Agent skill

fastq-analysis-pipeline

Guide through omicverse's alignment module for SRA downloading, FASTQ quality control, STAR alignment, gene quantification, and single-cell kallisto/bustools pipelines covering both bulk and single-cell RNA-seq workflows.

Stars 2,009
Forks 275

Install this agent skill to your Project

npx add-skill https://github.com/FreedomIntelligence/OpenClaw-Medical-Skills/tree/main/skills/fastq-analysis

SKILL.md

Overview

OmicVerse provides a complete FASTQ-to-count-matrix pipeline via the ov.alignment module.
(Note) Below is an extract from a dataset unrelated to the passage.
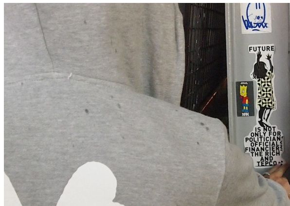
281 at work in Shibuya

has been quick to create scapegoats of resident Koreans - including the massacre of thousands of resident Koreans following the 1923 Tokyo earthquake. Recently such antagonisms have resurfaced due to maritime disputes between Seoul and Tokyo over control of Dokdo-Takeshima Islands. Right-wing protesters have taken to picketing Tokyo's Korea Town in Shinjuku and there was a large contingent of rightists present at January's Okinawan rally in Hibiya to accuse island leaders of being stooges for both Korea and China. 6

This skill covers:

  • SRA data acquisition: prefetch and fqdump (fasterq-dump wrapper)
  • Quality control: fastp for adapter trimming and QC reports
  • RNA-seq alignment: STAR aligner with auto-index building
  • Gene quantification: featureCount (subread featureCounts wrapper)
  • Single-cell path: ref and count via kb-python (kallisto/bustools)
  • Parallel SRA download: parallel_fastq_dump

All functions share a common CLI infrastructure (_cli_utils.py) that handles tool resolution, auto-installation via conda/mamba, parallel execution, and streaming output.

Instructions

  1. Environment setup

    • Bioinformatics tools are resolved automatically from PATH or the active conda environment.
    • If auto_install=True (default), missing tools are installed via mamba/conda on demand.
    • Supported tools: prefetch, vdb-validate, fasterq-dump, fastp, STAR, samtools, featureCounts, pigz, gzip.
    • For the single-cell path, ensure kb-python is installed: pip install kb-python.
  2. SRA data download (ov.alignment.prefetch + ov.alignment.fqdump)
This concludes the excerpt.